*Problem requirements*:
From the listing that follows, reproduce only the lines from the one holding "Из всей выпечки" through the one holding "Beşiktaş galibiyetini kutlarken", both included, with no pictures.

*Exercise inputs*:
========================================

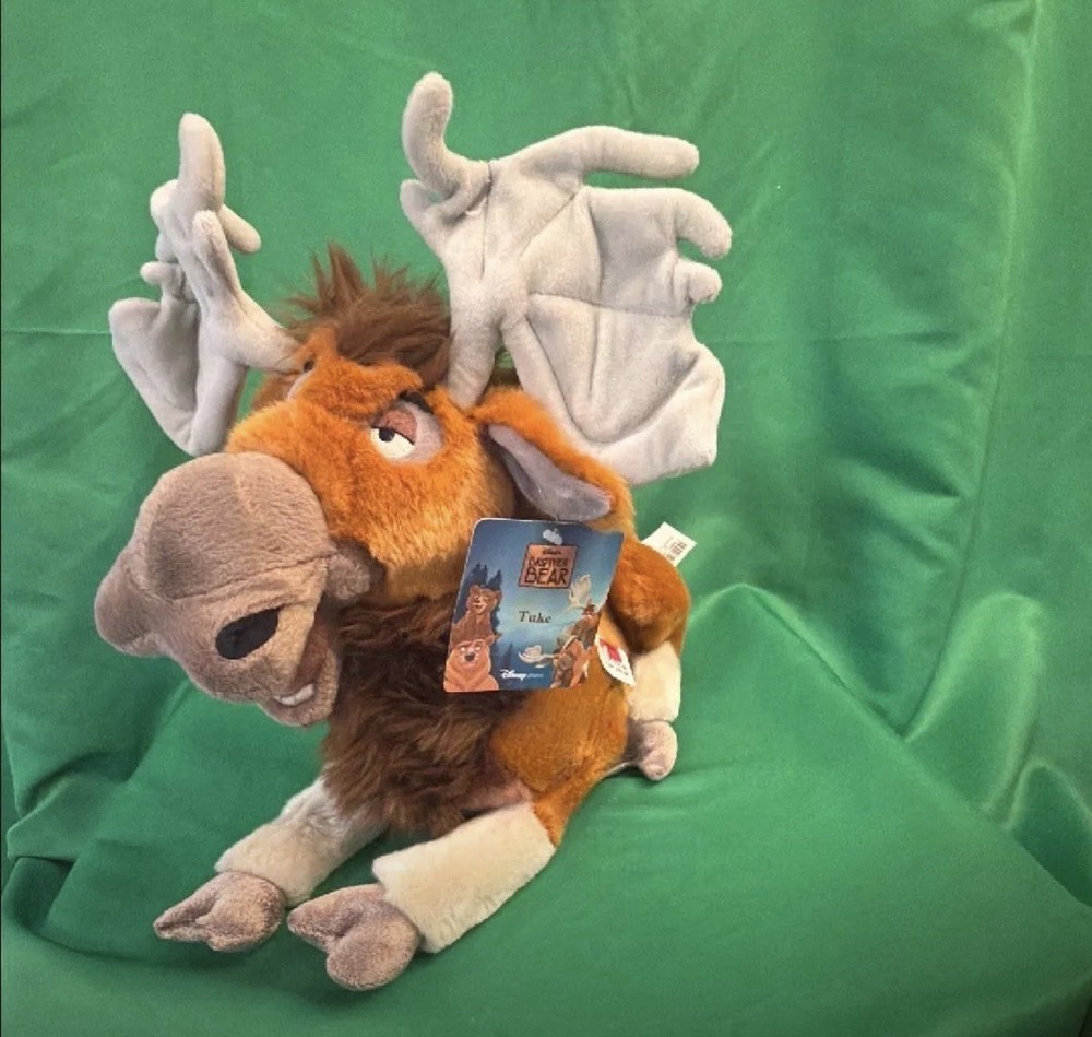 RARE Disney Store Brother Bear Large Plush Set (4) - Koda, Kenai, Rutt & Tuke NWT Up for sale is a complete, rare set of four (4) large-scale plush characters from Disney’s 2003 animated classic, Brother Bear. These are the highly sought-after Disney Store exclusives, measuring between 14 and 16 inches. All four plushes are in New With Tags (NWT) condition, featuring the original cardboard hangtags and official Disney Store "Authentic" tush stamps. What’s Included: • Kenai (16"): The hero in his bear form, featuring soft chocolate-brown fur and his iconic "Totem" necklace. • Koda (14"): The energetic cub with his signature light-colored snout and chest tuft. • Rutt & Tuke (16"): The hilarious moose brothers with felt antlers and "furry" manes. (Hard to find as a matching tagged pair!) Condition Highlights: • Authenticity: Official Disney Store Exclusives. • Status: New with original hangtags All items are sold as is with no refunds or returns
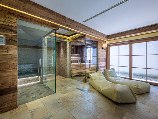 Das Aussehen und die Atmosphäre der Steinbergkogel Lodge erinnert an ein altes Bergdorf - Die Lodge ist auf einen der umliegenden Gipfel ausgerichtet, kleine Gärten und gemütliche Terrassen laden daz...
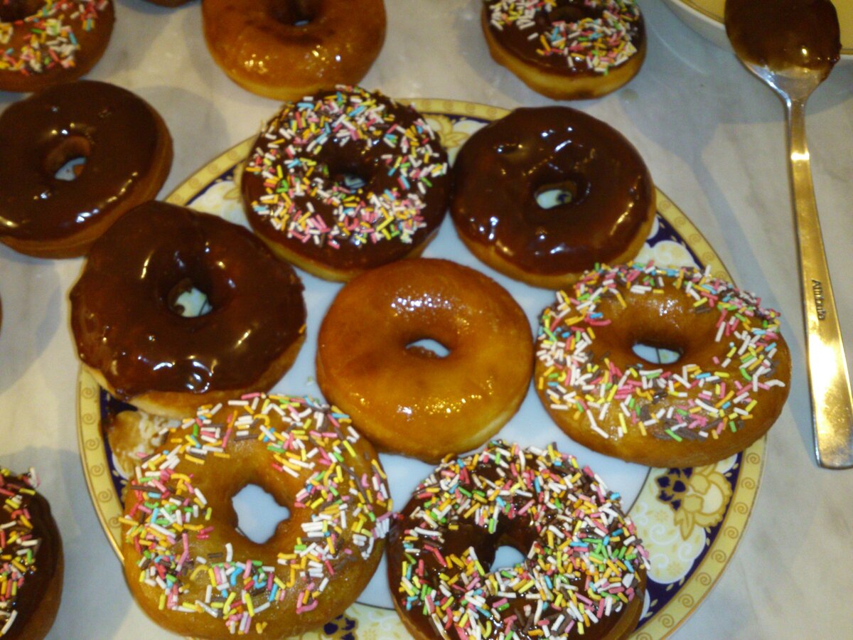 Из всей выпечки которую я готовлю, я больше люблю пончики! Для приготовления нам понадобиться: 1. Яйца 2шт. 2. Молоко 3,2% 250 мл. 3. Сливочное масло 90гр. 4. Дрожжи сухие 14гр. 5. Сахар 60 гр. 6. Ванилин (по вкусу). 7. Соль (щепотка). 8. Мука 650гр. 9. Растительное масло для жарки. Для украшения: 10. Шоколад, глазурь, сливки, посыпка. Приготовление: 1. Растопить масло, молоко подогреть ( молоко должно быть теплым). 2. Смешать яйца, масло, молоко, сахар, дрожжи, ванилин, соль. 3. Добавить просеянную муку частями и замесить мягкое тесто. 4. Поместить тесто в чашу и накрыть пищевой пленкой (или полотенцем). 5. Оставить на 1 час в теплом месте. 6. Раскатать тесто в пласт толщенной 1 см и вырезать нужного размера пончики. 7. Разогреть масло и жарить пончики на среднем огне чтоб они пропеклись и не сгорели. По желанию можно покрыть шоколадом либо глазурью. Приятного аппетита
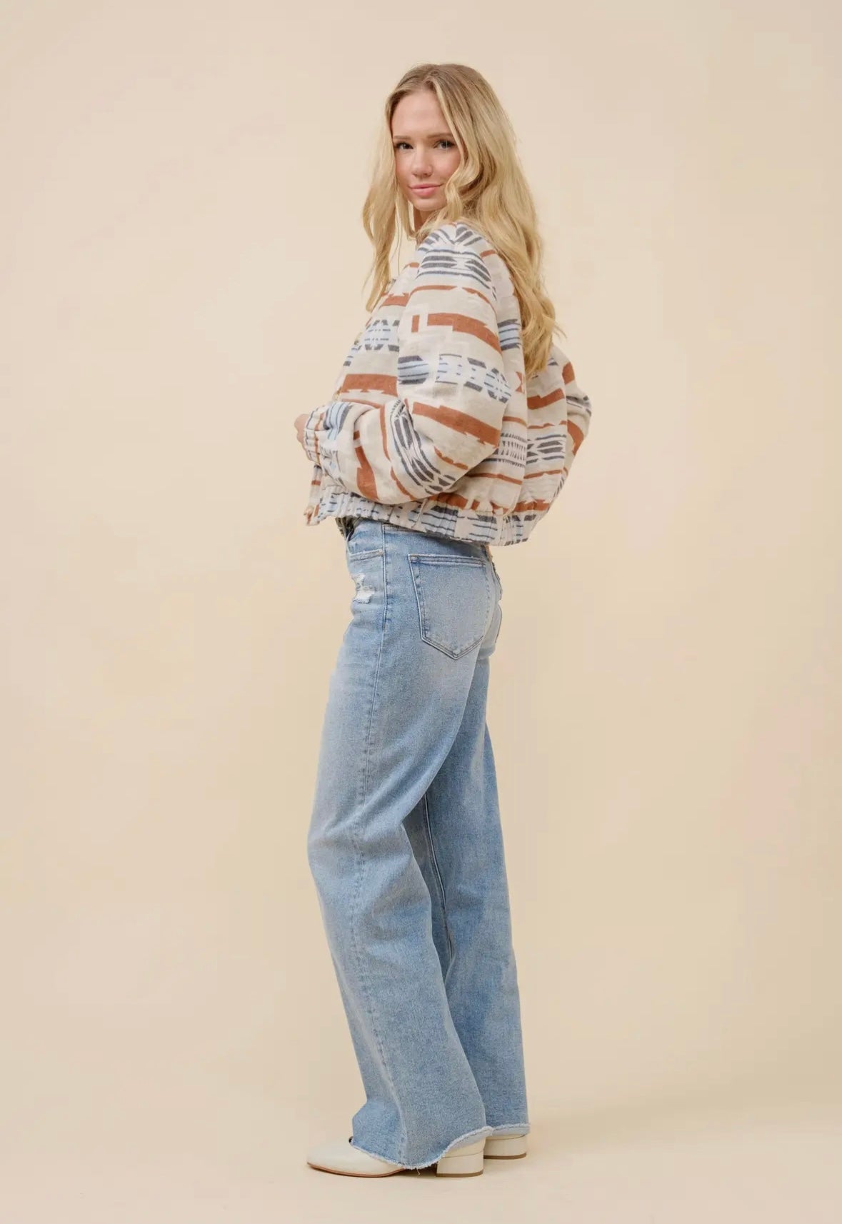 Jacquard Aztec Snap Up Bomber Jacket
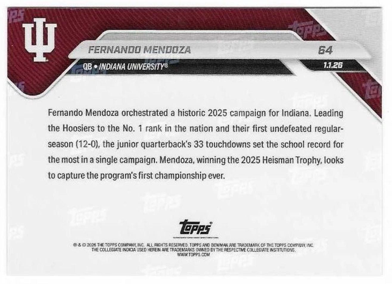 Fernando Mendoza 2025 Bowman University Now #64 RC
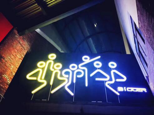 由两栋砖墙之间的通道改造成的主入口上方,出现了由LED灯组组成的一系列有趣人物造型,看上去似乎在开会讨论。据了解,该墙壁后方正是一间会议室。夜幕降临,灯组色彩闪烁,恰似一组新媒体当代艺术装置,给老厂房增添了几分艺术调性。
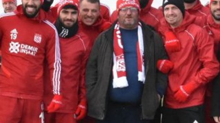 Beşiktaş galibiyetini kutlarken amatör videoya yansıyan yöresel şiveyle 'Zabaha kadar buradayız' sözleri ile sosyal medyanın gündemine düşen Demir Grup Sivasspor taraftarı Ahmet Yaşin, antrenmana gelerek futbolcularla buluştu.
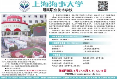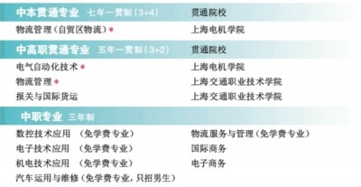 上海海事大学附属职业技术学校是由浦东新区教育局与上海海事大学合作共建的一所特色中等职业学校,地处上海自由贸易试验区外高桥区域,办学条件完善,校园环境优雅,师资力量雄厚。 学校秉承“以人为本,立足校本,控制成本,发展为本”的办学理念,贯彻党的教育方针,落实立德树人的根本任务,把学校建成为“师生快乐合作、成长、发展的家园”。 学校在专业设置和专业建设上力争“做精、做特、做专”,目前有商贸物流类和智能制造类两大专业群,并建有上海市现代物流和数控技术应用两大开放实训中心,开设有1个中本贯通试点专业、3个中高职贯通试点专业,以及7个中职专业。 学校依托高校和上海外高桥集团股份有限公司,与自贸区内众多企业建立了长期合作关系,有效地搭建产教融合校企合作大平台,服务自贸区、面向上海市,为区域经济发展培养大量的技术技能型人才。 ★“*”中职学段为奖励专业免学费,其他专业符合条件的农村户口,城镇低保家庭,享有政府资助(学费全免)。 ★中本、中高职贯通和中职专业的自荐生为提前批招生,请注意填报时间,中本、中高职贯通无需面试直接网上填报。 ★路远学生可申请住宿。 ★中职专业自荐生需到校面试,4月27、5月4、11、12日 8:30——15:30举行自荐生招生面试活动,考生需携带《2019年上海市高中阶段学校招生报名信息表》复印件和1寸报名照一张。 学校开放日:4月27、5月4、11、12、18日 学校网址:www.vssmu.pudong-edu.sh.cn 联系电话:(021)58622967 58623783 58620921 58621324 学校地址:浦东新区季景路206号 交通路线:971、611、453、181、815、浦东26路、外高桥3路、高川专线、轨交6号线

========================================

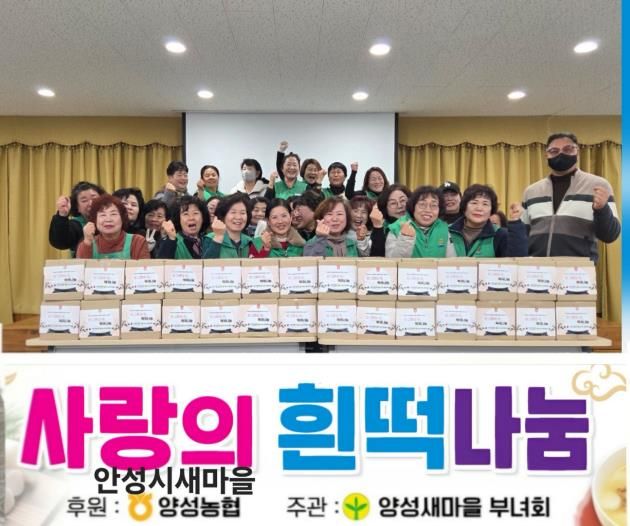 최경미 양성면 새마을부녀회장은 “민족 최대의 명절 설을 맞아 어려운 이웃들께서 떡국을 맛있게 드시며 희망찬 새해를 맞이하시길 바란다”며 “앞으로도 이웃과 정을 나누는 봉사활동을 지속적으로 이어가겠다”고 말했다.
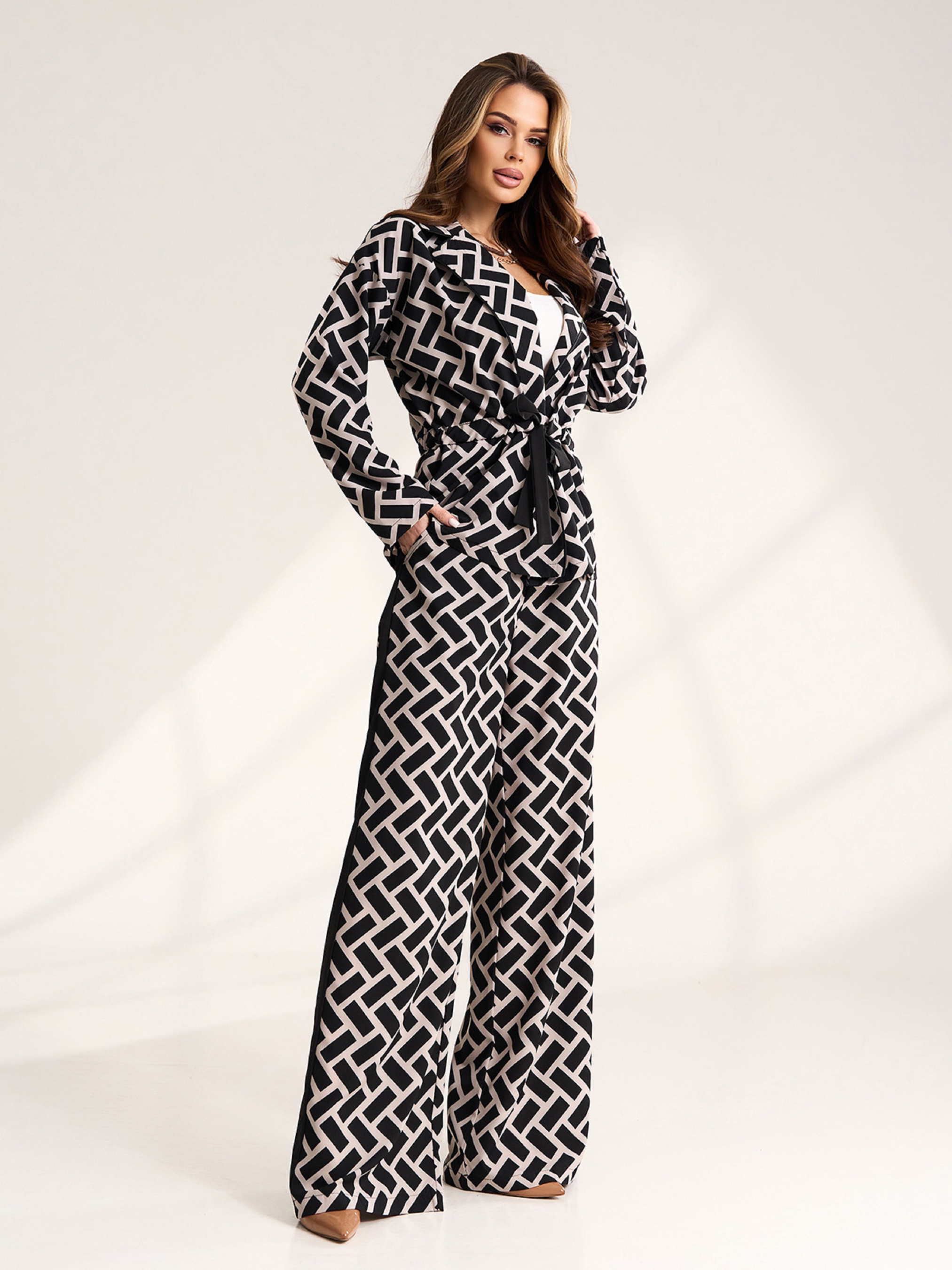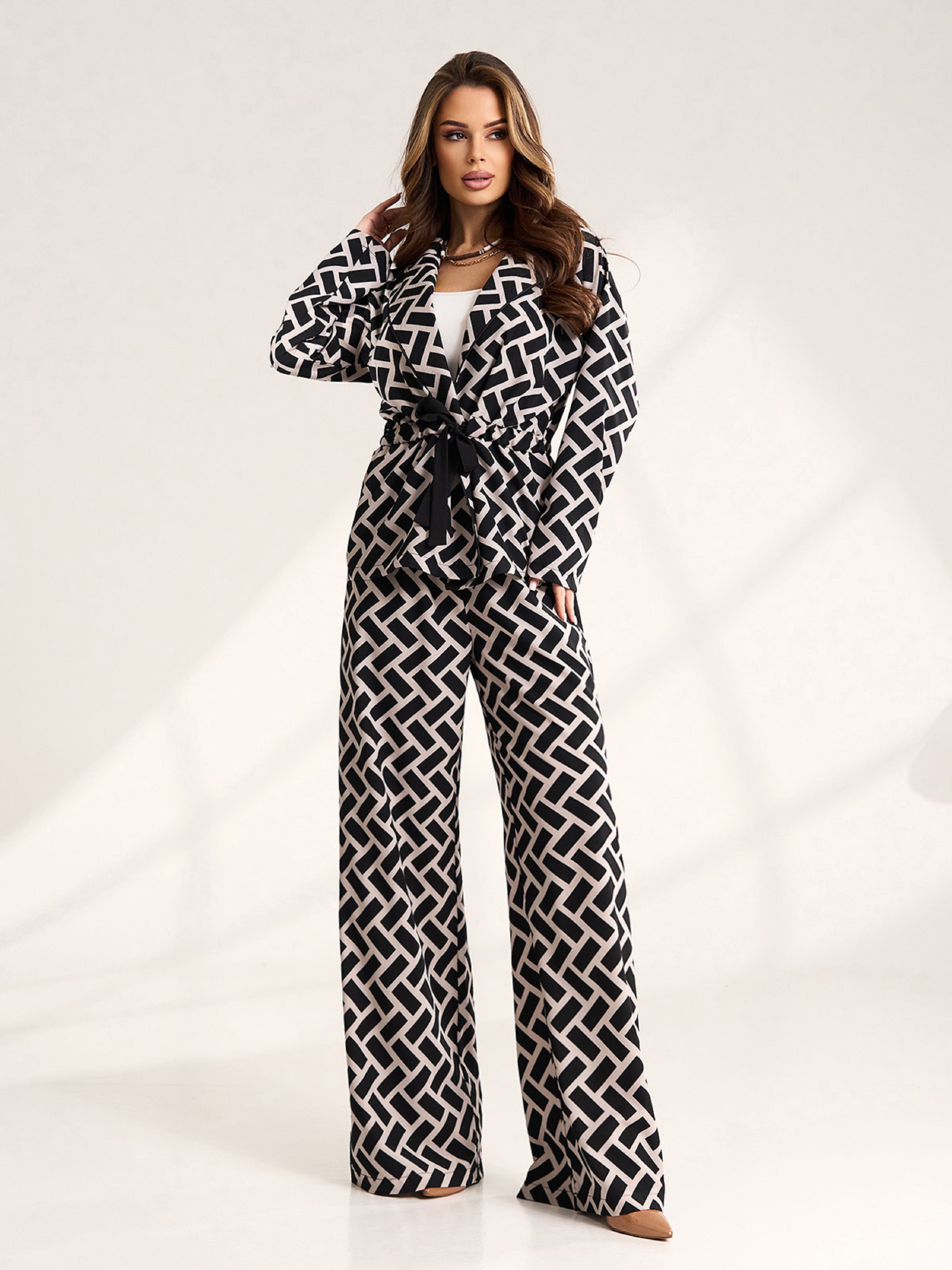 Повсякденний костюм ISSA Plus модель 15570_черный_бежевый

========================================

*Answer*:
 Из всей выпечки которую я готовлю, я больше люблю пончики! Для приготовления нам понадобиться: 1. Яйца 2шт. 2. Молоко 3,2% 250 мл. 3. Сливочное масло 90гр. 4. Дрожжи сухие 14гр. 5. Сахар 60 гр. 6. Ванилин (по вкусу). 7. Соль (щепотка). 8. Мука 650гр. 9. Растительное масло для жарки. Для украшения: 10. Шоколад, глазурь, сливки, посыпка. Приготовление: 1. Растопить масло, молоко подогреть ( молоко должно быть теплым). 2. Смешать яйца, масло, молоко, сахар, дрожжи, ванилин, соль. 3. Добавить просеянную муку частями и замесить мягкое тесто. 4. Поместить тесто в чашу и накрыть пищевой пленкой (или полотенцем). 5. Оставить на 1 час в теплом месте. 6. Раскатать тесто в пласт толщенной 1 см и вырезать нужного размера пончики. 7. Разогреть масло и жарить пончики на среднем огне чтоб они пропеклись и не сгорели. По желанию можно покрыть шоколадом либо глазурью. Приятного аппетита
 Jacquard Aztec Snap Up Bomber Jacket
 Fernando Mendoza 2025 Bowman University Now #64 RC
 由两栋砖墙之间的通道改造成的主入口上方,出现了由LED灯组组成的一系列有趣人物造型,看上去似乎在开会讨论。据了解,该墙壁后方正是一间会议室。夜幕降临,灯组色彩闪烁,恰似一组新媒体当代艺术装置,给老厂房增添了几分艺术调性。
 Beşiktaş galibiyetini kutlarken amatör videoya yansıyan yöresel şiveyle 'Zabaha kadar buradayız' sözleri ile sosyal medyanın gündemine düşen Demir Grup Sivasspor taraftarı Ahmet Yaşin, antrenmana gelerek futbolcularla buluştu.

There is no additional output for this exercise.